Consolidation of paint layer being carried out under stereo microscope. Image courtesy of the author

Consolidation of paint layer being carried out under stereo microscope. Image courtesy of the author

It is a preparatory sketch done on a large sheet of handmade paper measuring 48’’ x 37’’ and it is made of four smaller sheets joined together,” she states. “This sketch had been kept folded for a long time, leading to creases and losses. The paper had become yellow, suggesting build-up of acidity and resultant brittleness in the paper. The extremely fragile nature of this artwork made it difficult to handle, let alone treat.”

After making sure that the pigment did not bleed in water, an aqueous treatment was considered the best way by the conservation team to remove the acidity and reduce the yellowness. To make handling easier, it was separated along its joints into four parts. Each piece was individually subjected to ‘float washing’ and then rejoined.

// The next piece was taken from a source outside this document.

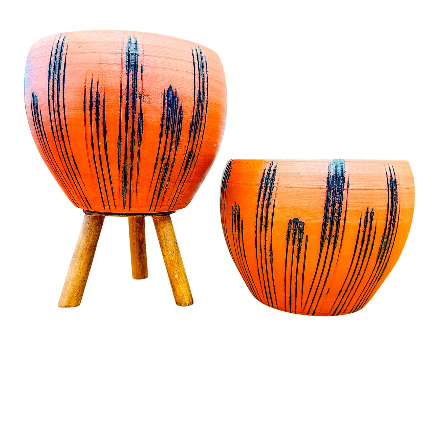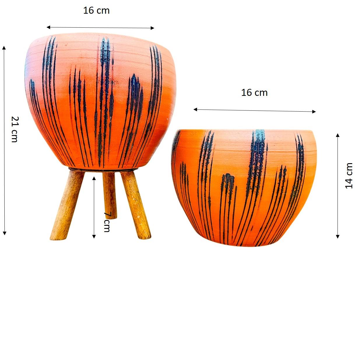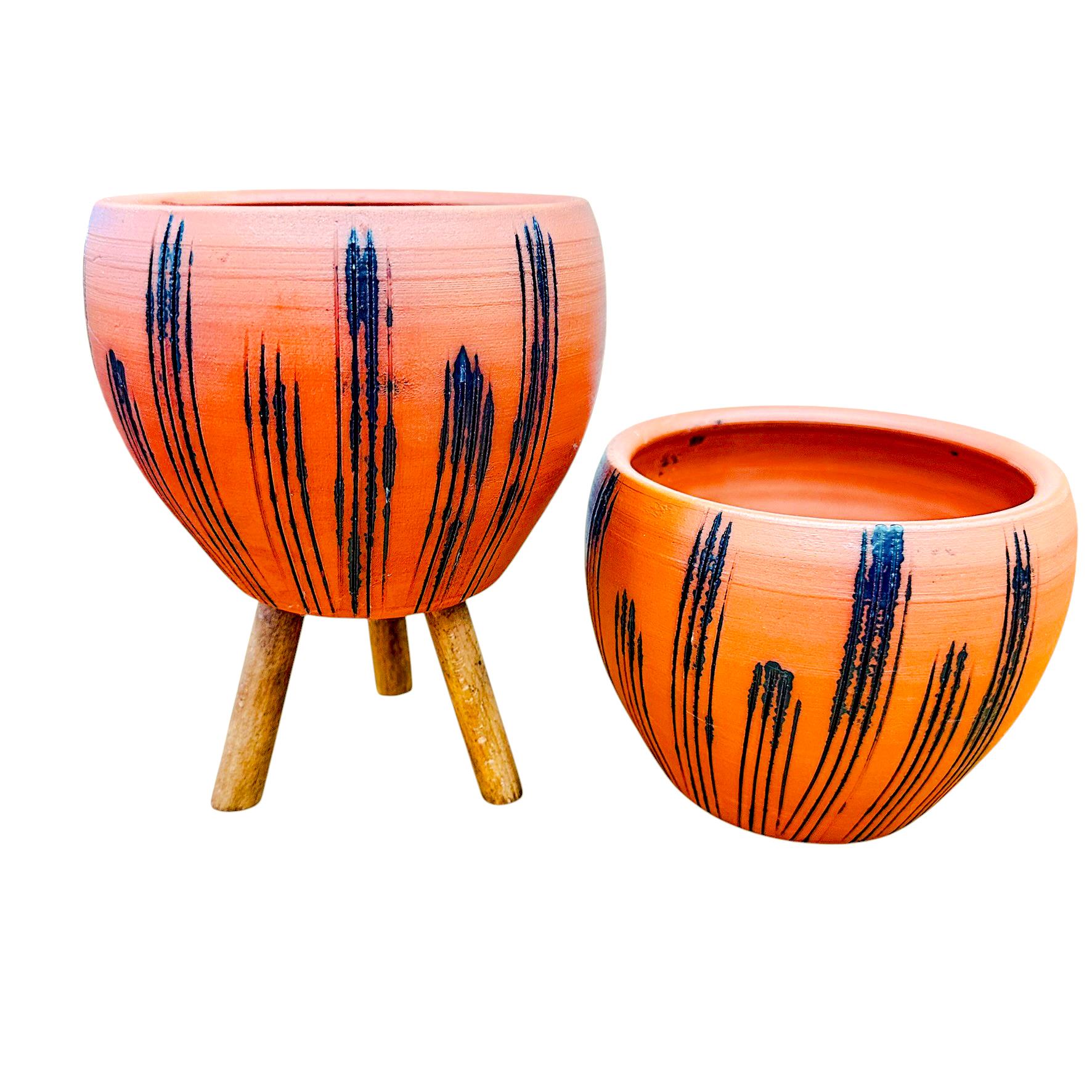 Bitki Tasarımı Doğal Siyah Çizgi Desen Terrakota Toprak Saksı İkili Set 3 Ayaklı-Ayaksız 15 cm

The team says that arranging loose and detached pieces back in place was ‘like solving a jigsaw puzzle’ and that missing areas in the paper were infilled with tissue of similar strength, thickness and texture.

Another artwork, ‘Maharana Jagat Singh hunting tiger at Tikhliya Magra‘ had a corner cut off and that piece was used to mend a loss in the centre of the top edge of the painting. Using the steam pencil to detach the piece was tricky, as the water vapour could affect the pigments. Nevertheless, with extreme care, the task was accomplished. The piece was reattached to its original position, and the loss on the top edge was infilled.

The City Palace Museum has created new storage spaces for various collections. The Mewar paintings, once conserved, will be mounted using archival quality mount boards and then stored in the newly-created paintings storage area.

The paintings will be kept in flat file drawers interleaved with archival quality tissues. These materials ensure the long-term preservation of artworks. The storage units have been customised and designed according to both the size of the paintings and the available space in storage areas. These rooms have been equipped with a customised ventilation system to maintain an ambient temperature and relative humidity levels and ensure that there are no abrupt variations of the same.

Ensuring that centuries-old artworks are preserved and presented to younger generations, this conservation lab ensures that the new and old come together to preserve the best of Mewar art and culture has to offer.